Test the trained 5-network on the test data. Print out the accuracy.

Train the 20-network on the MNIST dataset for 10 epochs with learning rate 0.001. After each epoch, record the current training accuracy of the network. 

Test the trained 20-network on the test data. Print out the accuracy.

Train the 50-network on the MNIST dataset for 10 epochs with learning rate 0.001. After each epoch, record the current training accuracy of the network. 

Test the trained 50-network on the test data. Print out the accuracy.

Plot the training accuracies over the epochs of the networks on the same figure (there should 3 line plots/scatter plots). 

What is your conclustion on the effect of varying the hidden layer size on the performance of a neural network trained on the MNIST dataset?

## Part b

Now, we will investigate the effect of varying the number of hidden layers. Create 3 networks with 1, 2, and 3 hidden layers, respectively. The size of all hidden layers should be 20 and the activation function is ReLU. We will call these the 1-network, the 2-network, and the 3-network.

Train the 1-network on the MNIST dataset for 10 epochs with learning rate 0.001. After each epoch, 

---

record the current training accuracy of the network. 

Test the trained 1-network on the test data. Print out the accuracy.

Train the 2-network on the MNIST dataset for 10 epochs with learning rate 0.001. After each epoch, record the current training accuracy of the network. 

Test the trained 2-network on the test data. Print out the accuracy.

Train the 3-network on the MNIST dataset for 10 epochs with learning rate 0.001. After each epoch, record the current training accuracy of the network. 

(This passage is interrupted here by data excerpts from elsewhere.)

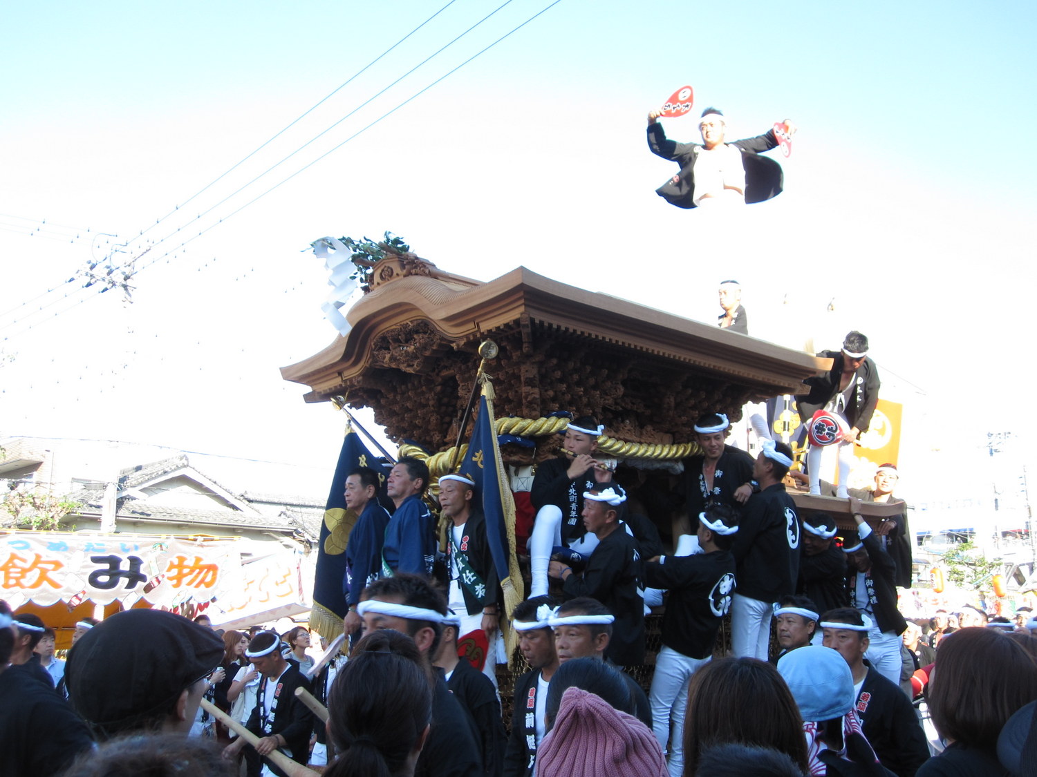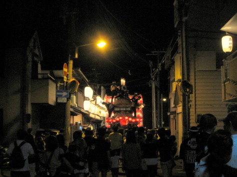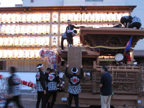 A danjiri apparently weighs a couple tons. And it probably weighs more with a musical group sitting inside and a man dancing on the top, so it requires all the young and strong people in the town to pull it. All day. Racing through the streets.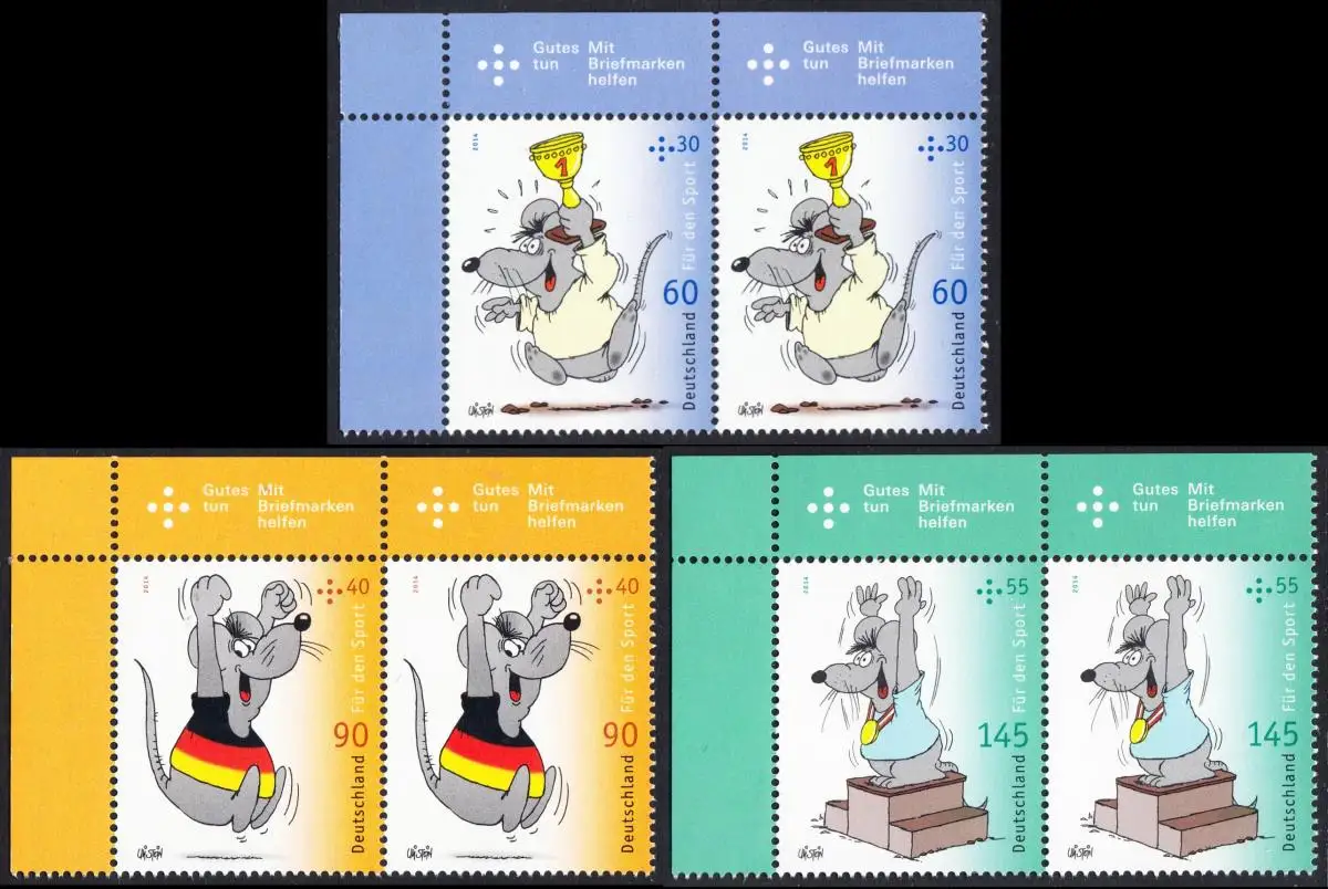 BUND 2014 Michel-Nummer 3075-3077 postfrisch SATZ(3) horiz.PAARE ECKRÄNDER oben links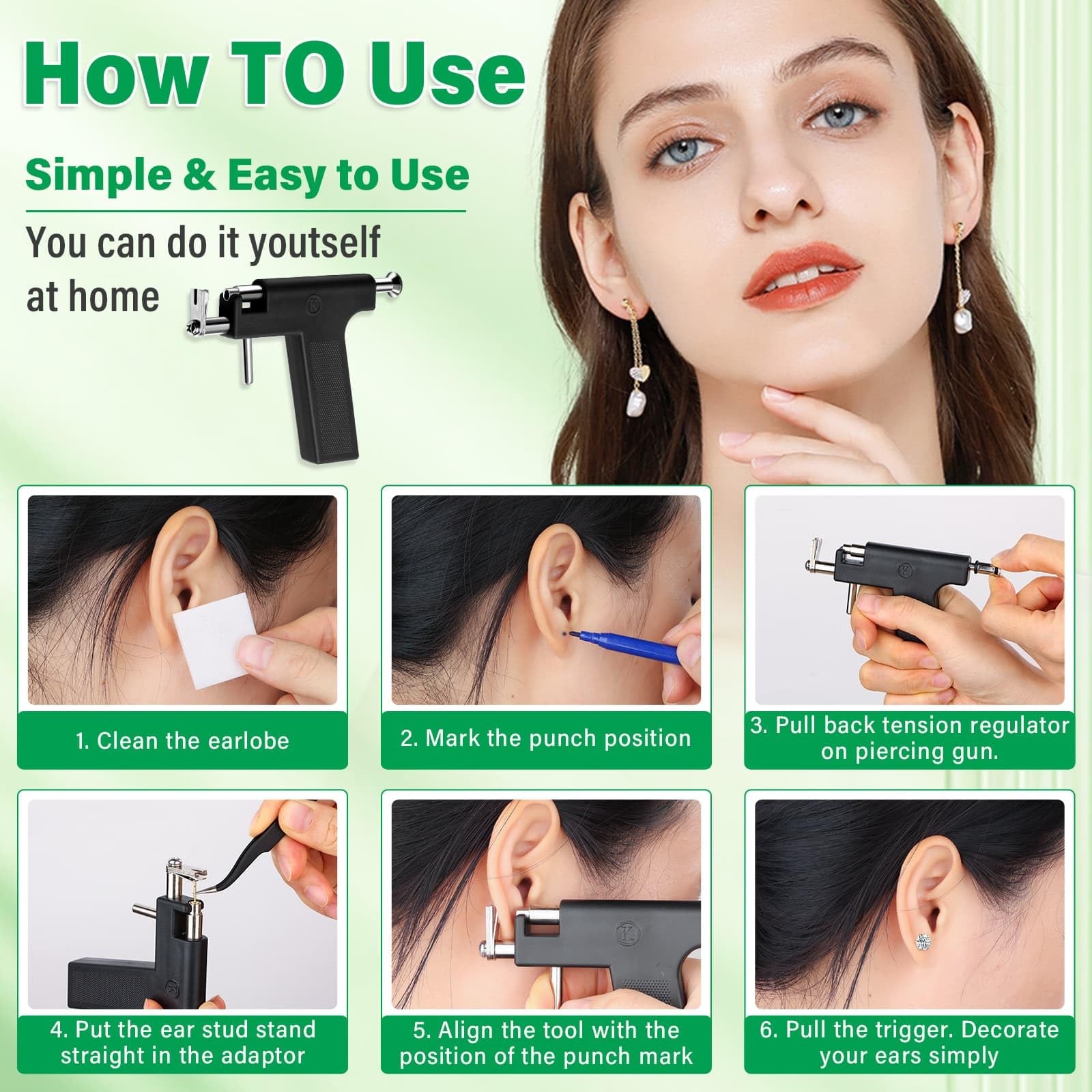 Reusable Ear Piercing Gun Kit, Professional Varity Sizes, Black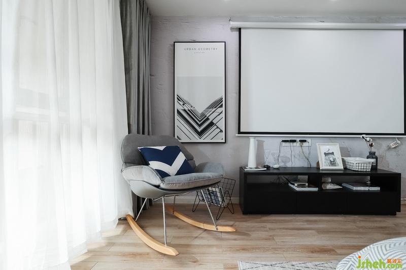 整個(gè)灰色空間的這抹藍(lán)色瞬間使空間有了活力,以干凈利落的線條,帶著清新朗達(dá)的北歐氣息。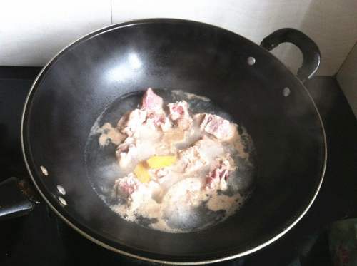 33,将排骨冲洗干净,坐锅,烧热水,放入排骨和生姜片,焯烫一会儿去除血水,捞出。撇去油沫,先后将胡萝卜块和黑木耳也焯烫一下。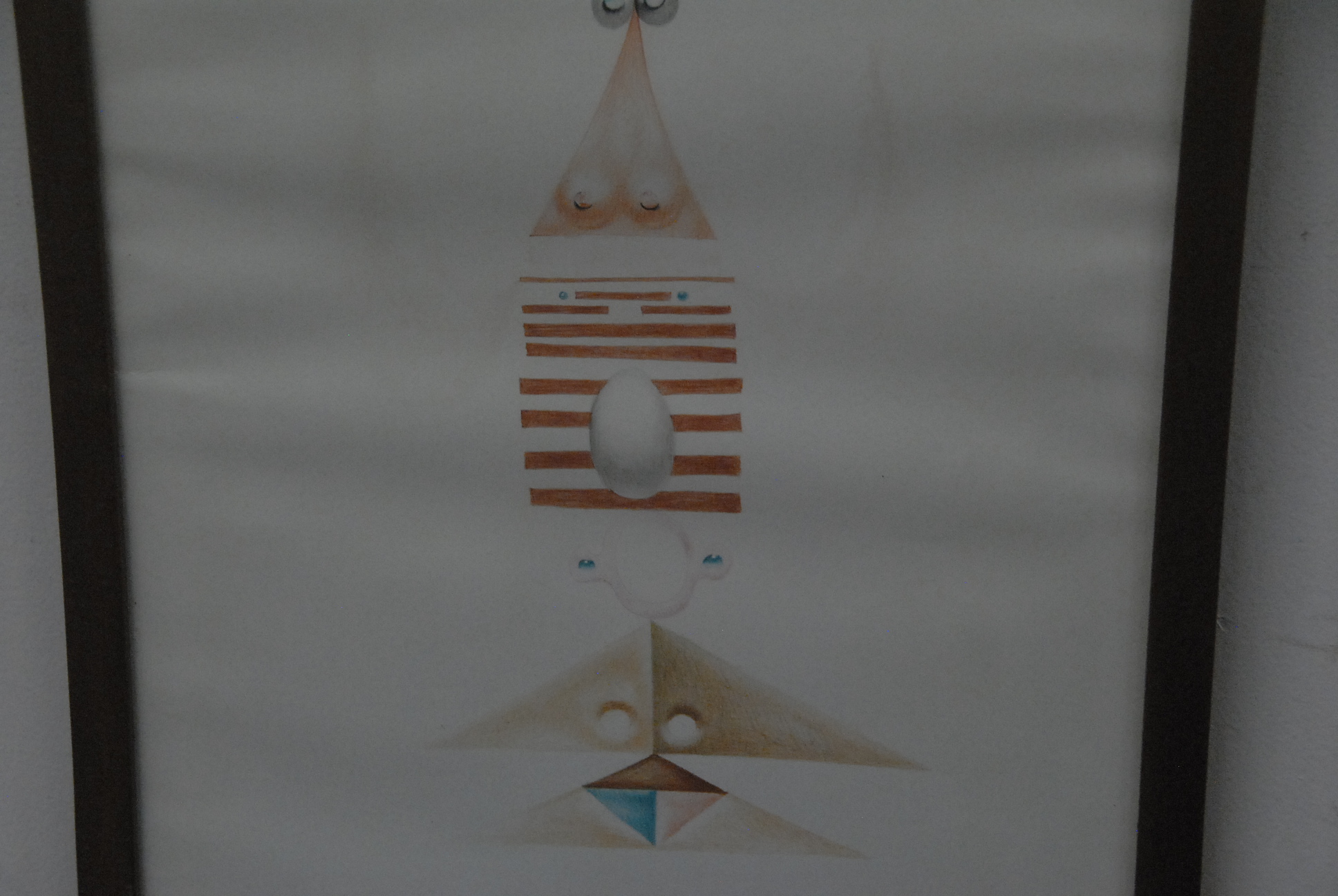Lot 402: Jules Perahim 1914-2008 ABSTRACT WITH EYES colored pencil signed lower right Perahim 70 19 1/4 x 12 1/2

Test the trained 3-network on the test data. Print out the accuracy.

Plot the training accuracies over the epochs of the networks on the same figure (there should 3 line plots/scatter plots). 

What is your conclustion on the effect of varying the number of hidden layers on the performance of a neural network trained on the MNIST dataset?

## Part c

Next, we will investigate the effects of varying the activation functions on a neural network. Create 3 networks. The first network has Sigmoid activation (Sigmoid-network). The second network has ReLU activation (ReLU-network). The third network has Tanh activation (Tanh-network). All networks have one hidden layer with size 20.

Train the Sigmoid-network on the MNIST dataset for 10 epochs with learning rate 0.001. After each epoch, record the current training accuracy of the network. 

Test the trained Sigmoid-network on the test data. Print out the accuracy.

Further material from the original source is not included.